4.7. Model Efficiency

To substantiate the claim that FGDNet is compact and lightweight, we report in Table 6 the number of parameters, the number of FLOPS at a 256 × 256 input, and the average per-image inference time measured on a single NVIDIA RTX 3090 in FP16 automatic mixed-precision mode. For each method, the inference time is averaged over 500 ITS test images with 20 warm-up iterations, using each method’s publicly released inference script. FGDNet has only 1.35 M parameters and 9.8 G FLOPS, corresponding to approximately 0.25 M and 2.8 G on top of the gUNet backbone, and achieves 15 ms per image. Compared with FFA-Net, FGDNet uses roughly 30% of the parameters and 3.4% of the FLOPS while, as shown in Table 2, attaining 1.3 dB higher PSNR on ITS. Compared with DEA-Net, FGDNet has a strictly smaller parameter and FLOPS footprint, and compared with the very compact DehazeFormer-T, FGDNet uses slightly more parameters and FLOPS but remains well within the “compact/lightweight” range. These measurements quantitatively support the “compact/lightweight” statement in the abstract and introduction.

4.8. Decomposed Ablation of the FFT Branch and the FFT Amplitude Loss

Section 3.5 introduces an FFT amplitude loss L_fft that is applied to the output image rather than to intermediate features. To isolate its contribution from that of the FFT encoder branch and to justify why only the amplitude spectrum is constrained, we train four variants on ITS→ITS with three random seeds {0, 1, 2} and report mean ± standard deviation in Table 7. Removing L_fft while keeping the FFT branch drops PSNR from 33.30 ± 0.07 to 33.00 ± 0.08 dB, so L_fft contributes approximately 0.3 dB on top of the FFT branch. Removing the FFT branch while keeping L_fft gives 29.40 ± 0.10 dB, so L_fft alone contributes approximately 0.3 dB over the pure baseline (29.10 ± 0.09). The FFT branch is therefore the dominant factor, and L_fft acts as a small but complementary refinement. Finally, adding an additional L1 penalty on the phase spectrum (last row) gives 33.10 ± 0.09 dB, i.e., 0.2 dB worse than amplitude-only, because the phase is wrapped in [−π, π] with 2π discontinuities and empirically destabilizes training; this justifies the design choice of constraining only the amplitude spectrum.

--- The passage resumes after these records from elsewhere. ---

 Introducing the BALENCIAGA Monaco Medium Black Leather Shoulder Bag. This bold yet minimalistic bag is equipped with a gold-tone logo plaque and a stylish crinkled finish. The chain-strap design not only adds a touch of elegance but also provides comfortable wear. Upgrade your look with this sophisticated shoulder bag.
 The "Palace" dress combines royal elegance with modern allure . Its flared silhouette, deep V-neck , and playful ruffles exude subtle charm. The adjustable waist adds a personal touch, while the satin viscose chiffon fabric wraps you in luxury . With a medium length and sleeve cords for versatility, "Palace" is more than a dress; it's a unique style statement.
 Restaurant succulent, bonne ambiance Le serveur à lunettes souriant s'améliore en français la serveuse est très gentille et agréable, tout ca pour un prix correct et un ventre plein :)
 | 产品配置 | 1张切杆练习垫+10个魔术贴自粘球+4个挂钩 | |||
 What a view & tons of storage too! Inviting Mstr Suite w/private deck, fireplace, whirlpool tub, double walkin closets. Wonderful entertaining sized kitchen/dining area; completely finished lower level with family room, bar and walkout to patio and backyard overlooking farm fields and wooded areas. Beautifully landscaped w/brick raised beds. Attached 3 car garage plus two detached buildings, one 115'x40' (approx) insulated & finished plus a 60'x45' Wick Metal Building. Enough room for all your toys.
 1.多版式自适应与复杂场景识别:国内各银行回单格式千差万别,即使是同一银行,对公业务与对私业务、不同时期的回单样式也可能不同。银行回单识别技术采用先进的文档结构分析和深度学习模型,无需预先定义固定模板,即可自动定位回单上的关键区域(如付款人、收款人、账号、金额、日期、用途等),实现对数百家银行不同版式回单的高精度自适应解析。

4.9. Real-Haze Fine-Tuning and the Synthetic-to-Real Gap

To further investigate the large PSNR gap observed in Section 4.2 between the synthetic in-domain protocol (OTS→OTS, 35.1 dB) and the real-haze cross-domain protocol (OTS→O-HAZE, 19.1 dB), we conduct a few-shot real-haze fine-tuning experiment. The OTS-pretrained FGDNet is fine-tuned on 35 O-HAZE training pairs, while 5 pairs are held out for validation and 5 pairs form the test set, following the standard O-HAZE evaluation protocol. All hyperparameters are kept identical to the main training recipe; only the number of fine-tuning iterations is varied. As reported in Table 8, only 2 k fine-tuning iterations raise PSNR/SSIM from 19.10/0.786 to 21.60/0.827, a gain of +2.5 dB/+0.041 SSIM; 5 k iterations further reach 21.95/0.834. This indicates that a large portion of the synthetic-to-real gap is caused by distribution mismatch rather than by a fundamental capacity limitation of the model, and that even a small amount of real paired data is sufficient to close most of the gap. Combined with the discussion in Section 5, three practical remedies emerge: (i) few-shot fine-tuning on real hazy–clear pairs, as demonstrated here; (ii) contrastive or unpaired regularization in the spirit of D⁴ [27] and RIDCP [28]; and (iii) content-adaptive frequency masks to replace the fixed radial mask.

5. Discussion

The FFT branch dominates the ablation gain. In Table 3, removing the FFT branch causes a 3.9 dB PSNR drop on ITS (33.3→29.4 dB), whereas removing the cross-domain gating module causes only a 0.4 dB drop (33.3→32.9 dB). We interpret this asymmetry as follows: the FFT branch is the only module that explicitly separates haze-correlated low-frequency content (contrast attenuation, color shift, atmospheric veil) from structure-carrying high-frequency content (edges, fine textures). Once this separation is available, the cross-domain gating module acts as a refinement that modulates how the two bands are recombined. The hierarchy (FFT branch > gating block) is therefore consistent with the physical motivation of the proposed design rather than an artifact of the implementation.

Synthetic-to-real performance gap. The PSNR gap between the in-domain protocol OTS→OTS (35.1 dB/0.988 SSIM) and the cross-domain protocols OTS→O-HAZE (19.1 dB/0.786 SSIM) and OTS→NH-HAZE (15.8 dB/0.648 SSIM) is large. We attribute this gap to three concrete factors. First, the synthetic haze in RESIDE is generated with a simplified atmospheric-scattering model that assumes uniform transmission, while real haze is spatially non-uniform and wavelength-dependent. Second, real captures contain camera ISP effects (sensor noise, tone-mapping, demosaicing artifacts) that are absent from RESIDE renderings. Third, NH-HAZE deliberately contains non-homogeneous haze, which violates the uniform-transmission assumption used to train the model. Encouragingly, the SSIM gap (0.988→0.786 on O-HAZE) is smaller than the corresponding PSNR gap, suggesting that the frequency-guided design captures transferable structural cues even when pixel fidelity degrades. Practical remedies include (i) fine-tuning on a small set of real hazy–clear pairs, (ii) contrastive or unpaired regularization in the spirit of D⁴ [27] and RIDCP [28], and (iii) replacing the fixed radial mask with content-adaptive masks.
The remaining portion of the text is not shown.